Jim called me and my dad yesterday evening and told us the story so it's great to see the pictures to go along with it. He's an old friend of our family and guides for our duck and goose hunting operation here in Winnie. Nice of you to put him on that bull shark - he was pumped up about it last night over the phone and I'm sure he'll remember it for some time. Congrats on your catch *nuclear fishin* and thanks for sharing it with us!


----------



## Jolly Roger (May 21, 2004)

another great report,

Did you see any bait being worked,like pogies poping the water? I am making a trip wednesday evening.


----------



## CypressTexas (Jan 2, 2005)

great report......nice sharks :brew2:


----------



## SKSOUTH (Jul 9, 2006)

Now that's a nice bunch of fish! Thanks for sharing!


----------



## nuclear fishin (May 29, 2004)

Jolly Roger said:


> another great report,
> 
> Did you see any bait being worked,like pogies poping the water? I am making a trip wednesday evening.

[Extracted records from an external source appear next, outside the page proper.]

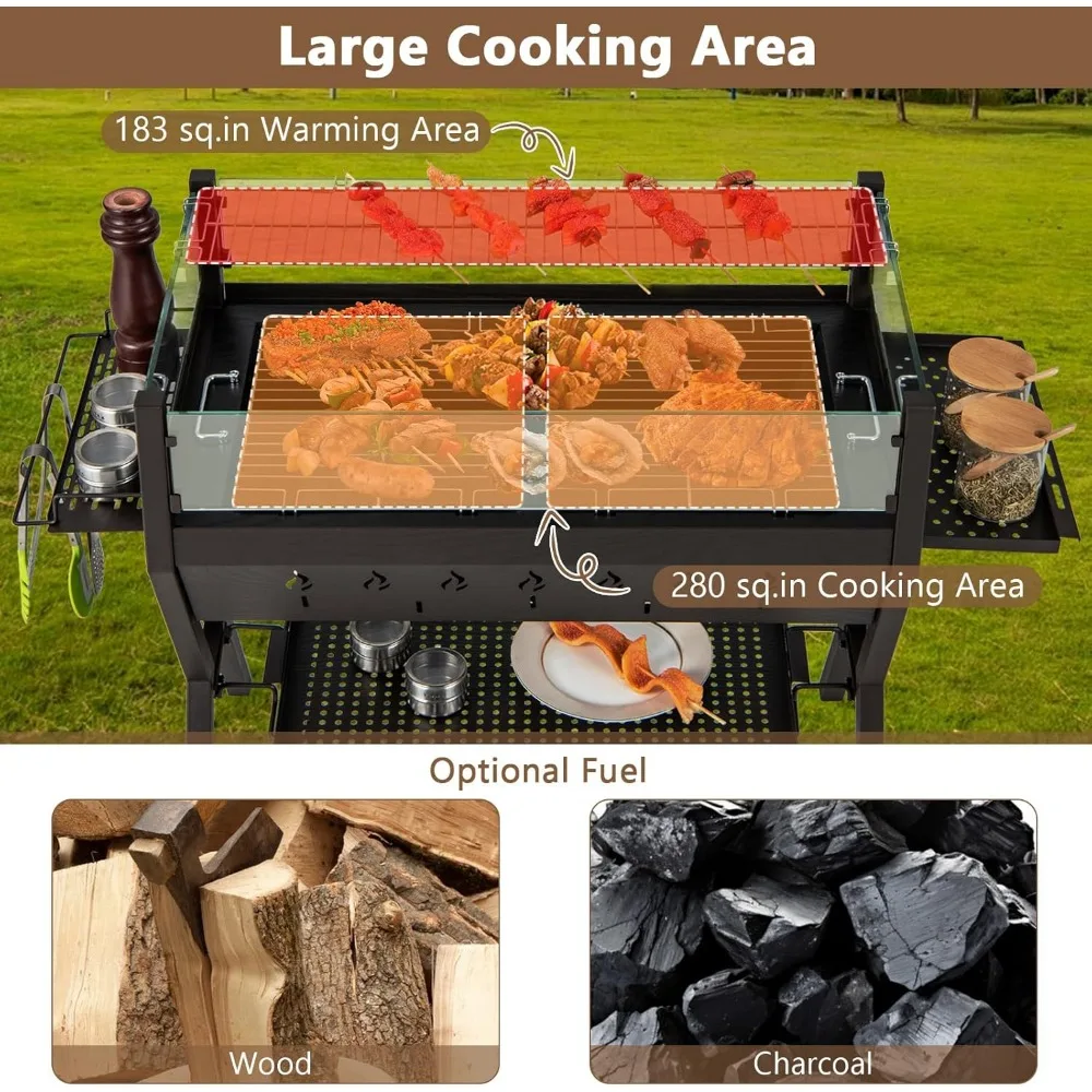 Charcoal Grill with Glass Wind Guard, Outdoor Barbecue Charcoal Grills with Seasoning Racks & Storage Shelf, Warming and Cookin
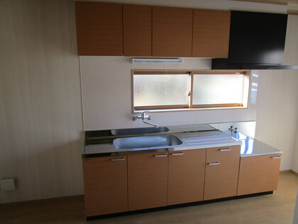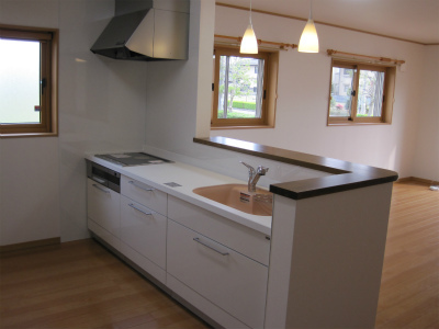 対面式のシステムキッチンになります。広々としたリビングが見渡せて、快適に料理の方も、できることと思います。
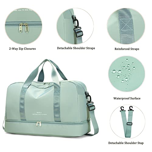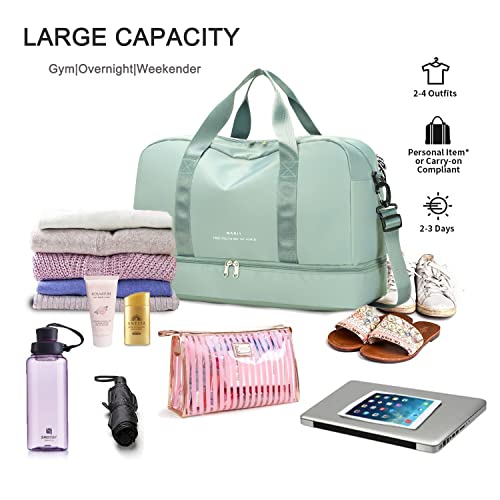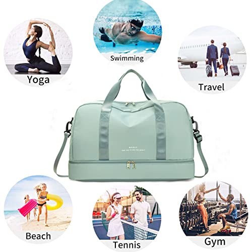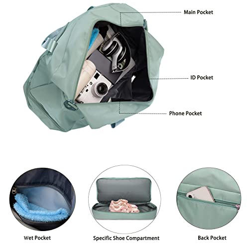 Siudaro - شنطة سفر من القماش الخشن كبيرة للنساء لعطلة نهاية الاسبوع، شنطة حمل للرياضة وصالة الالعاب الرياضية مع جيب للحذاء وجيب مبلل، شنط مستشفى خفيفة الوزن للعمل والولادة، اخضر
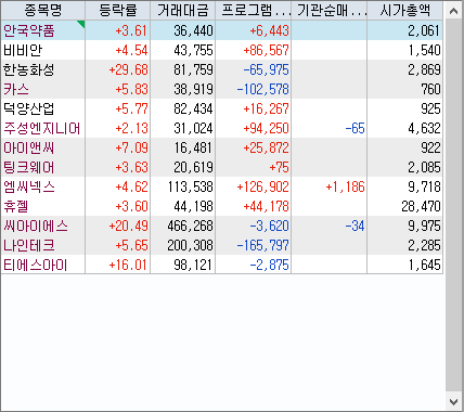 안국약품 / 비비안 / 한농화성 / 카스 / 덕양산업 / 주성엔지니어링 / 아이앤씨 / 팅크웨어 / 엠씨넥스 / 휴젤 / 씨아이에스 / 나인테크 / 티에스아이
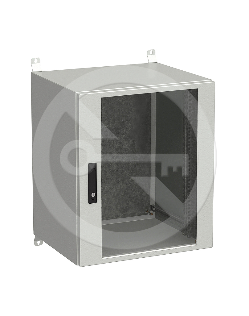 Rozvaděč tvoří samonosná svařovaná konstrukce z plechu tloušťky 1,5 mm, která je uzpůsobená pro připevnění na stěnu pomocí čtveřice dodávaných závěsů. Zajištění dveří proti otevření je provedeno pomocí jednobodových cylindrických zámků, nebo pomocí tříbodového zámku, výklopné kliky s vložkou. Z vnitřní strany dveří jsou přivařeny dva vertikální perforované rámečky, které zvyšují tuhost a zároveň slouží k vyvazování a uchycení výstroje skříně. Zemnicí propojení skříně je provedeno moderní technologií kapacitního navařování pokovenými šrouby. Těsnění dveří je provedeno technologií litého těsnění. Přístroje lze do skříně montovat na 19" lišty s pozinkovaného plechu. V zadní části rozvaděče je také upevněn montážní panel z pozinkovaného plechu síly 2 mm. 19" lišty i montážní panel lze nastavit plynule do požadované hloubky v rozvaděči.
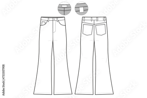 Cad drawing flat vector illustration, technical sketch of flared jeans, fashion design template, garment construction, denim apparel layout
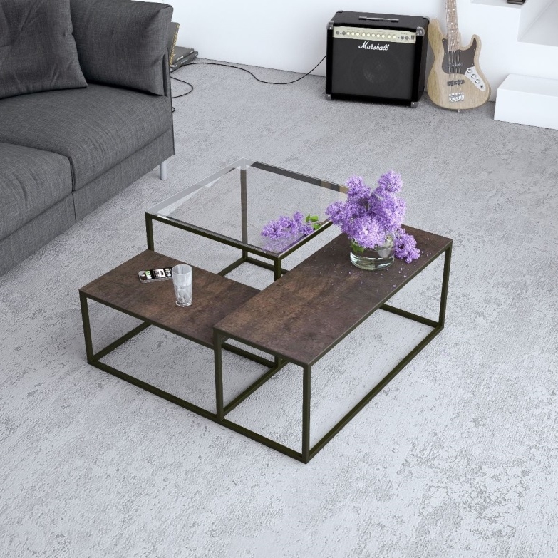 Konferenční stolek Brasilia je velice elegantním doplňkem do obývacího pokoje. Jeho rám je z černě lakované oceli a má tři různé výškové úrovně. Na prvních dvou je na tvrzené sklo přilepena ocelová, písková nebo titanová keramická deska. Nejvyšší desku si můžete vybrat podle vašich preferencí nebo podle doplňků ve vašem interiéru.
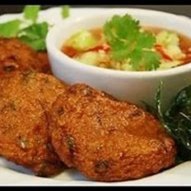 Bolinho de peixe frito temperado com curry vermelho, vagem, folha de limão, kaffir e levente apimentado. (6 unidades). Alérgico: contém pimenta.
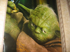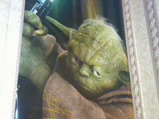 На этом примере все описанные особенности заметны наиболее очевидно. В фото X7500 яблоко и вся поверхность стола сильно выбелены светом, само яблоко потеряло форму от яркого освещения. Фотография Canon просто и наглядно демонстрирует пример качественной вспышки. В SE K800 яблоко освещено хорошо, чувствуется объем. Но при этом вся остальная часть фотографии испещрена артефактами. На снимке N73 яблоко освещено умеренно, но при этом фото слишком сильно искажено в цвете. Следующим примером возьмем магистра Йоду из Звездных Войн со световым мечом в руке.
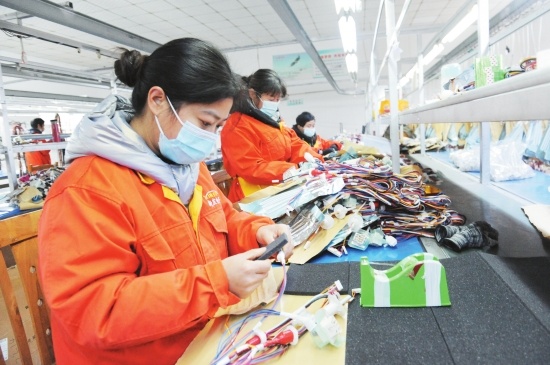 3月19日,荊州市新發(fā)電子科技有限公司車間內(nèi),工人們正在盤電線、纏膠帶、做檢測(cè)。
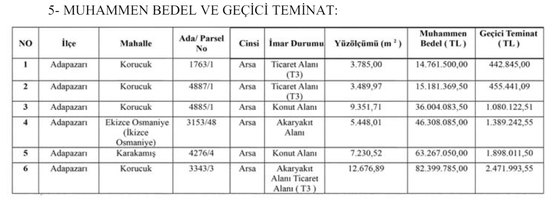 Adapazarı Belediyesi tarafından satışa çıkarılan ve Sakarya Adapazarı'nda yer alan ticaret, akaryakıt, konut imarlı arsaların satış bedelleri 14 milyon 761 bin 500 TL ile 82 milyon 399 bin 785 TL arasında değişirken, geçici teminat bedelleri de 2 milyon 471 bin 993 TL ile 442 bin 845 TL
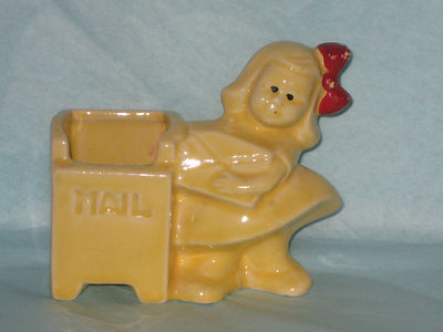 Vintage yellow art pottery girl mailing letter mail box planter big red bow
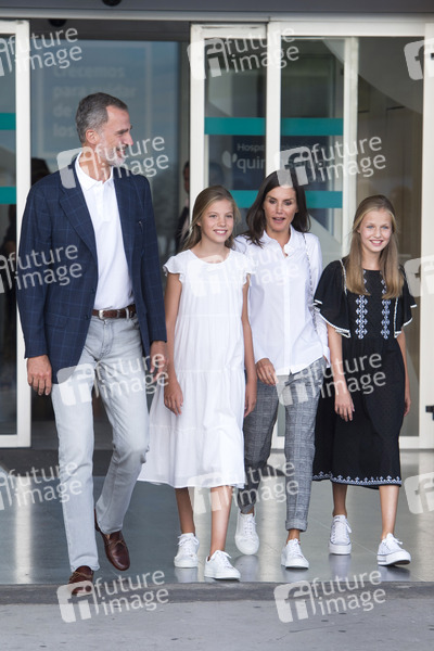 König Felipe VI. von Spanien, Prinzessin Sofia von Spanien, Königin Letizia von Spanien und Prinzessin Leonor von Spanien besuchen Juan Carlos nach seiner Herzoperation im Hospital Universitario Quirónsalud Madrid. Pozuelo de Alarcón, 26.08.2019

Didn't really see anything crashing the bait but the Horse Mullet were thick right on shore. Just returned from there and the water was looking awesome this afternoon didn't see any pogies but it's right.JR I know what you are thinking:wink: I can't wait to see the report when you land a Tarpon from the Yak, it's gonna happen.Good Luck


----------



## Jolly Roger (May 21, 2004)

nuclear fishin said:


> Didn't really see anything crashing the bait but the Horse Mullet were thick right on shore. Just returned from there and the water was looking awesome this afternoon didn't see any pogies but it's right.JR I know what you are thinking:wink: I can't wait to see the report when you land a Tarpon from the Yak, it's gonna happen.Good Luck


You read my mind, thats for the info


----------



## Chris (Aug 2, 2004)

Congratulations on the catches, looks like yall had a great time. Great report.


----------



## Redfishr (Jul 26, 2004)

Very nice rpt.......and great pix


----------



## Dr Jeff (Feb 6, 2005)

Congrats & thnx for the report & pics!Nice of you to let Jim reel that big girl in.


----------



## Freshwaterman (May 21, 2004)

You know when you hold them like that you have to hug them! Good catch


----------



## kunder3006 (Aug 12, 2005)

looks like ya'll had a blast


----------



## Redfishr (Jul 26, 2004)

On that last Bull SHark pic..................just how big an ole boy era ya.
Thats a good'un.................a big ole good'un or is it a good ole biggun.

Big Bull and Boy fo sho.........sweet


----------



## hector200 (Jul 7, 2004)

great report


----------



## spawningbedassassin (Jul 11, 2006)

Those are some nice sharks!


----------